Способ количественного определения клеток-предшественников (cd34+) в кроветворной ткани

Изобретение относится к области медицины, а именно к иммунологии, и может быть использовано для количественного определения клеток-предшественников в кроветворной ткани. Для этого проводят окраску клеточного субстрата одновременно моноклональными антителами к антигену CD34 и нуклеотропным (ядерным) красителем Syto16, при этом подсчет клеток-предшественников (CD34+) осуществляют в пределах Syto16+ клеток. Использование данного способа позволяет количественно учесть всю популяцию CD34+CD45 клеток в пределах ядросодержащих Syto16+ без предварительного ограничения области анализа на основании экспрессии антигена CD45 и избежать занижения процента CD34+ клеток-предшественников. 1 пр., 2 ил.

 

Изобретение относится к области медицины, а именно к иммунологии и онкологии, и касается способа количественного определения клеточного состава кроветворной ткани.

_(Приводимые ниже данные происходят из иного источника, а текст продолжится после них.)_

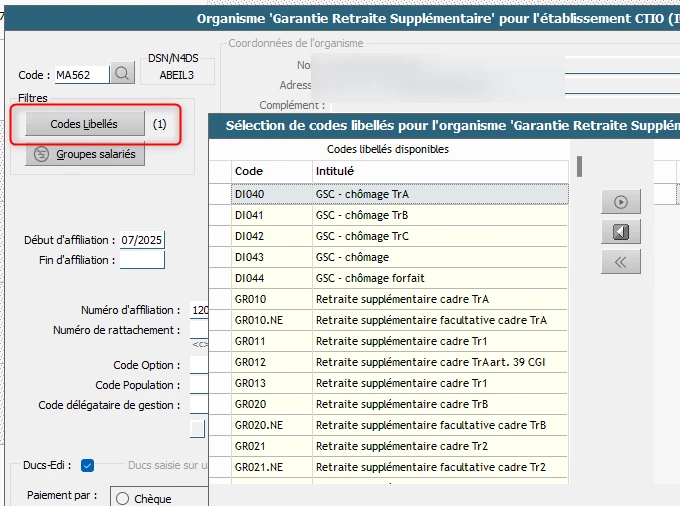 Est ce que quelqu’un sait pourquoi ? J’ai essayé de mettre un numéro d’affiliation plus élevé cela ne change pas. et j’ai imputé les codes libellés dans l’organisme
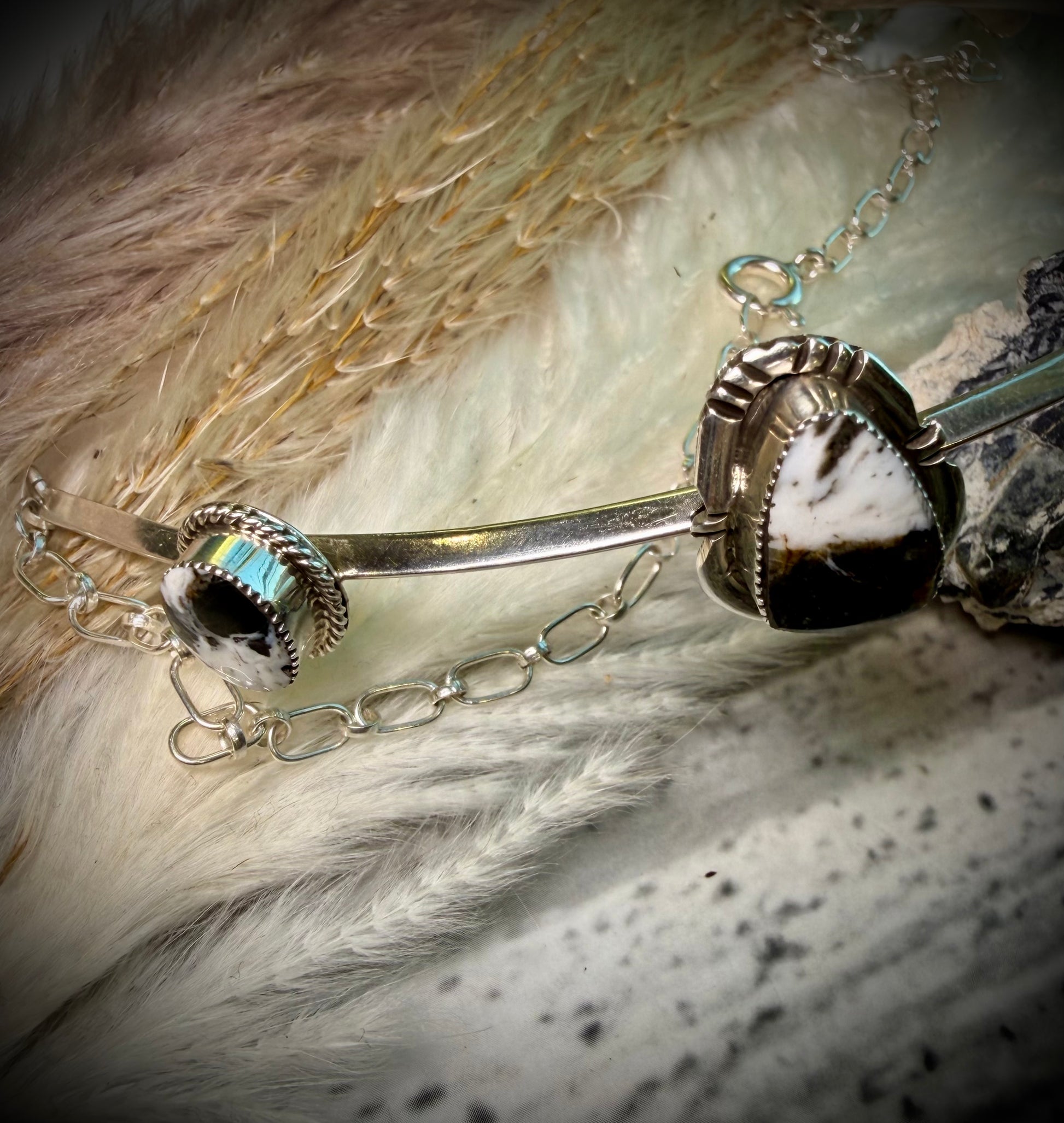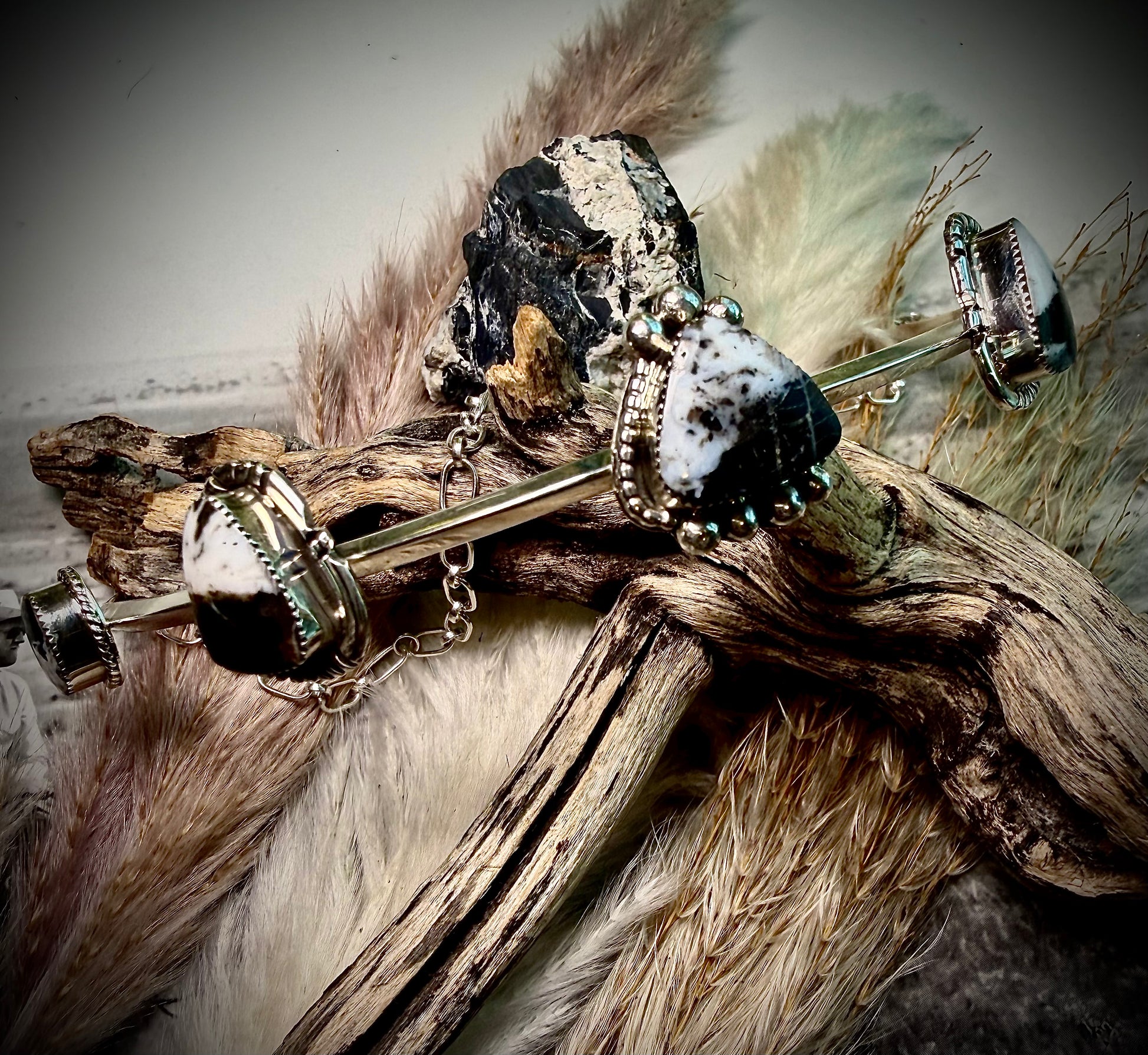 Five bold White Buffalo stones with striking black and white matrix
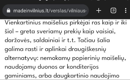pvz, maxė. Lietuvoje https://madeinvilnius.lt/verslas/vilniaus-rinka/maxima-taip-pat-informuoja-kiek-kainuos-vienkartiniai-plastiko-maiseliai-nuo-liepos-1-d/ -- Lawrence Jamieson <lj@world.com> Wrote in message:r > Lietuvoje? :) Geras bajeris. Lietuvoje net McDonaldas kečupo prie bulvyčiu neduoda. ----Android NewsGroup Reader---- https://piaohong.s3-us-west-2.amazonaws.com/usenet/index.html
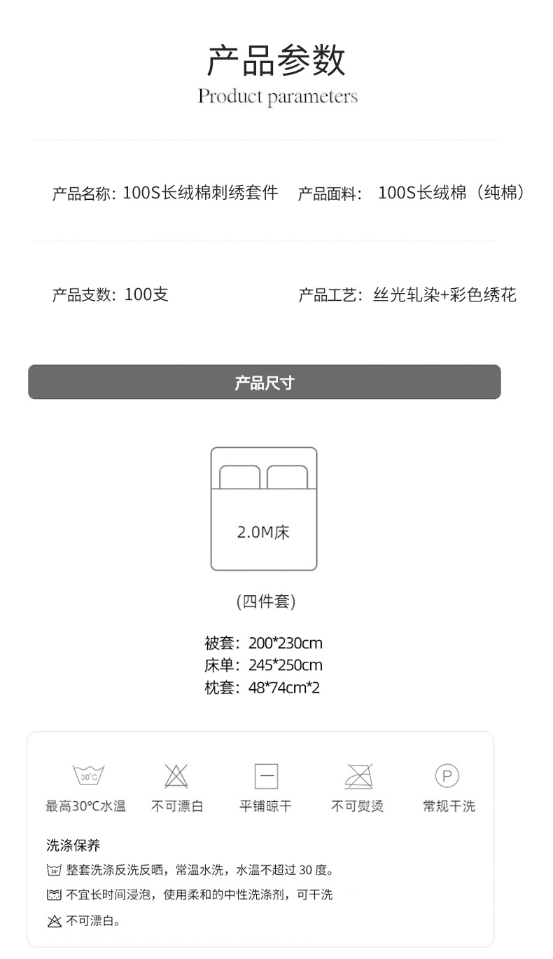 | Especificaciones de tamaño | Juegos de cuatro piezas para sábanas de 1,5 m (edredones 200 * 230 sábanas 235 * 250 fundas de almohada 48 * 74 * 2), juegos de cuatro piezas para sábanas de 1,8 m (edredones 200 * 230 sábanas 235 * 250 fundas de almohada 48 * 74 * 2) |
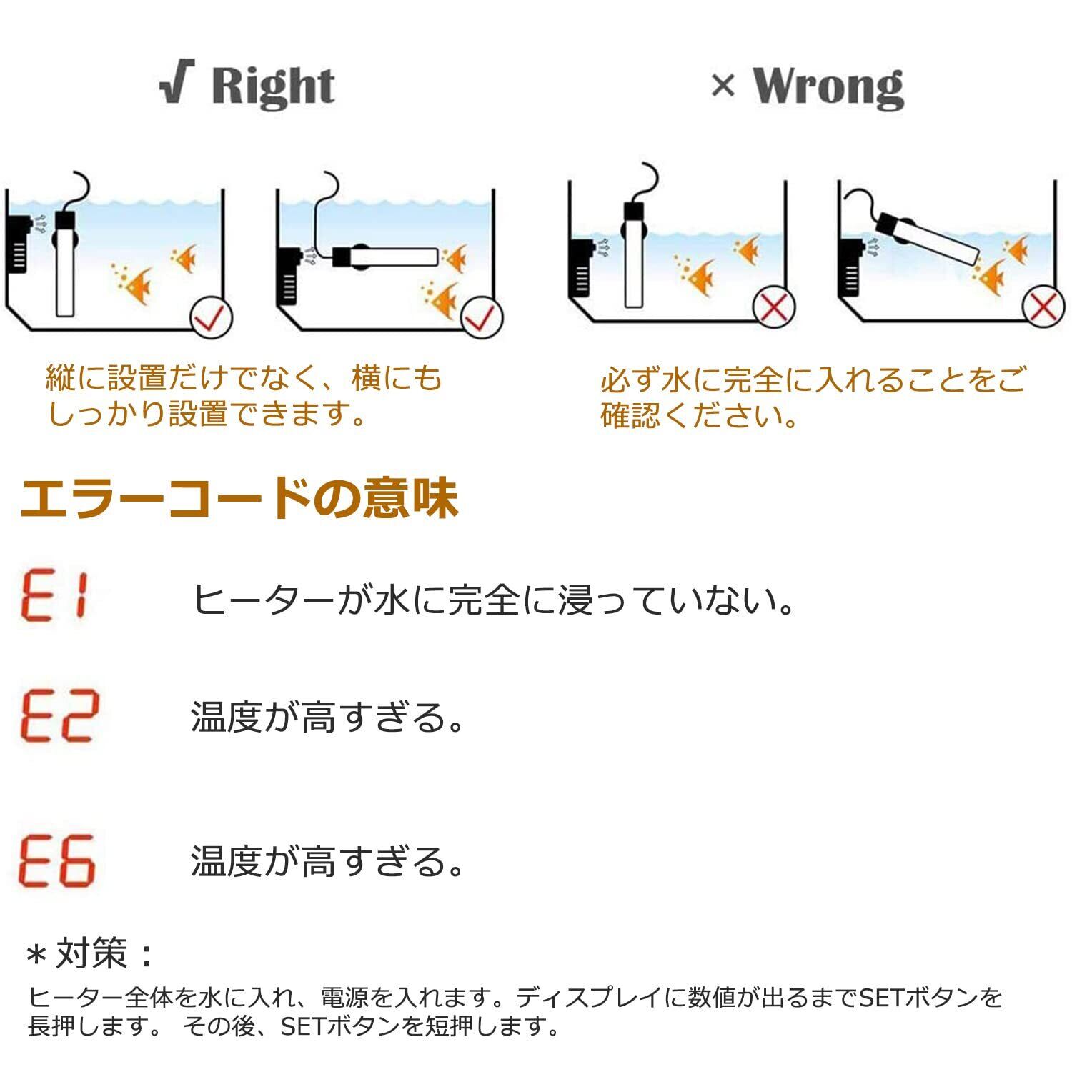 【安全性、さらに強化! 】難燃性カバー付きで、ヒーター部の熱から人の手や魚を守ります。カバーは取り外してお手入れ可能です。異常加熱を感知すると自動的に電源やヒューズを切るような安全装置が搭載されています。また、万一の空焚き(空気中の加熱)時にはLEDディスプレイをE1に表示し,加熱を停止することによりヒーターをより保護することができます。
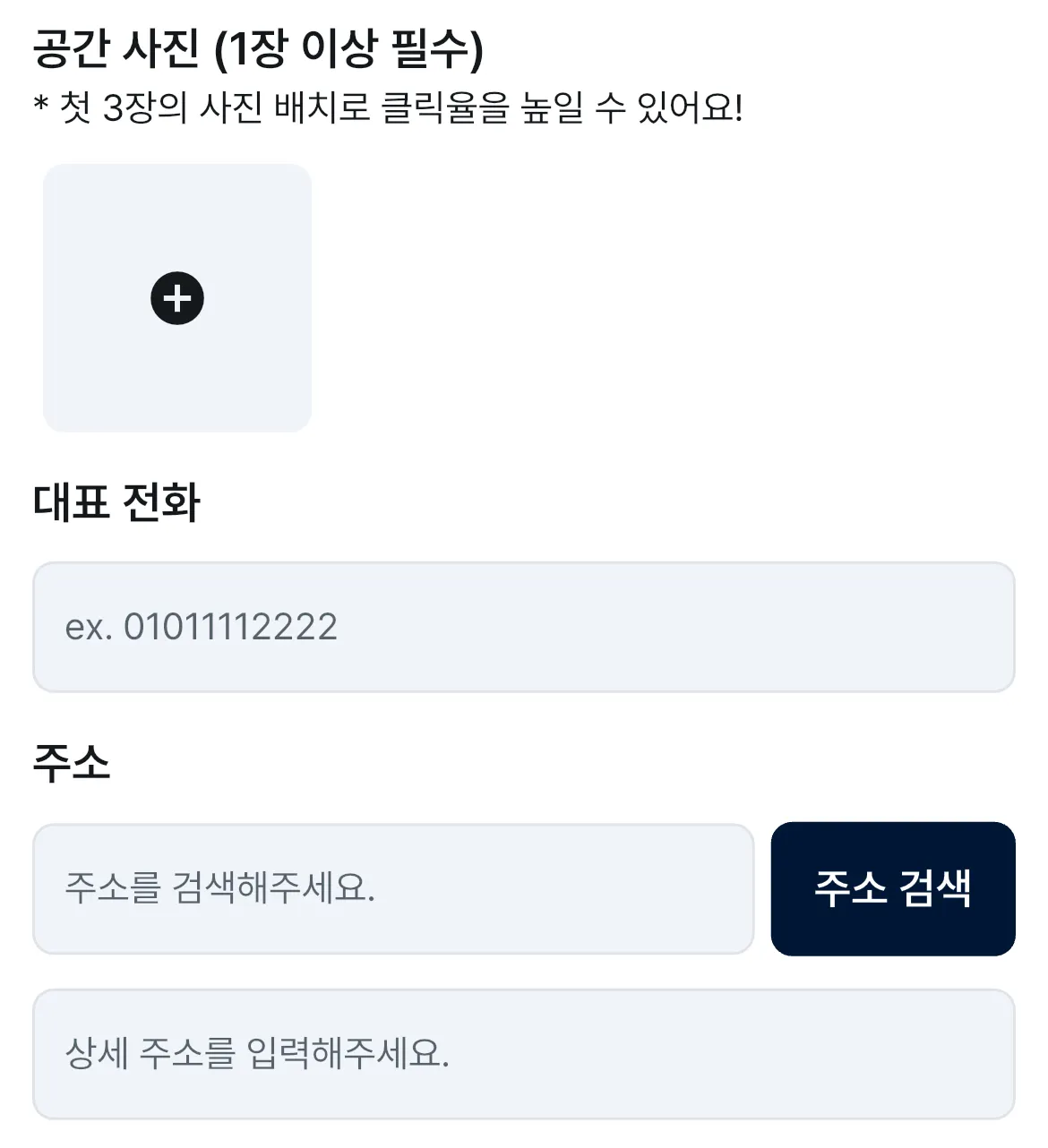 공간의 전체적인 사진과 전화번호, 주소를 입력해주세요.

В комплексном лечении злокачественных заболеваний и ряда наследственных, генетических болезней используется трансплантация кроветворных клеток. Успех трансплантации кроветворной ткани определяется количеством клеток-предшественников в донорской ткани. Поддержание и восстановление кроветворения обеспечивается пулом клеток-предшественников (CD34+). Количественный подсчет клеток-предшественников (CD34+) в кроветворной ткани стал возможным с момента открытия антигена, выявляемого на мембране стволовых клеток, молекулы CD34. [Civin C.I., Strauss L.S. J. Immunol. Antigenic analysis of hematopoiesis. III. A hematopoietic progenitor cell sutface antigen defined by a monoclonal antibody raised against KG-1 a cell. 1984, 133:157-164].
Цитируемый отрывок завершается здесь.